Congenital respiratory disorders
The incidence of congenital disorders of the respiratory tract is low and their effects are particularly seen during the first year of life. Congenital disorders can be subdivided into abnormalities of the thorax, specifically the diaphragm (hernia of the diaphragm), the lung (lung sequestration, cystic adenomatoid malformation, bronchogenic cyst, foregut cyst), the blood supply (aberrant vascularisation, double arch of the aorta), the airways (tracheal rings, tracheomalacia, tracheal atresia) and the larynx and oral cavity. Investigation and management of these diseases is usually organised in specialised centres.

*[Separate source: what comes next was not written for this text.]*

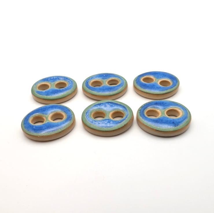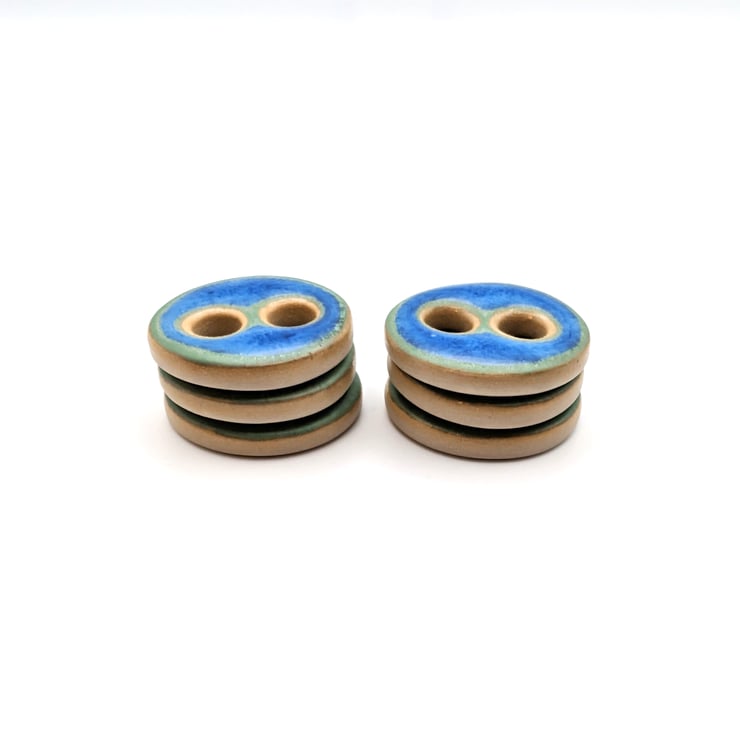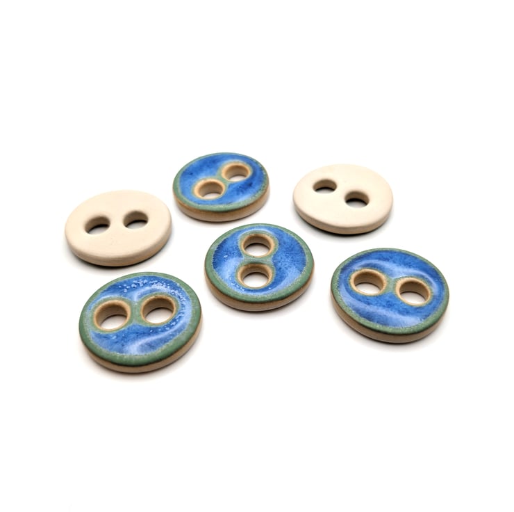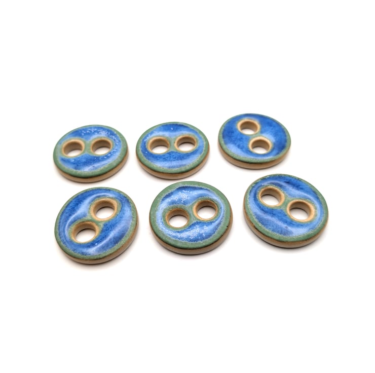 Set of 6 medium round handmade ceramic buttons made from a white stoneware clay and decorated with a blue glossy glaze that has hints of matt green around the edges. Ideal to complete your knitting, crochet, sewing or other unique craft project!

Primary ciliary dyskinesia is an inherited disorder characterised by specific ultrastructural defects of cilia that are associated with impaired ciliary motion and mucociliary clearance. It results in ineffective clearance of mucous secretions and inhaled particles, including bacteria. The disease is characterised by recurrent or persistent rhinitis, sinusitis, otitis media and bronchitis. The predominant pulmonary complication is bronchiectasis (see chapter 15). The incidence of the disease is low and often the diagnosis is difficult to assess. Therefore, both diagnosis and treatment should be organised in experienced centres.
In general, children with congenital respiratory disorders should be admitted to a specialised centre at an early stage as prompt assessment and, if necessary, treatment, are often important in determining survival.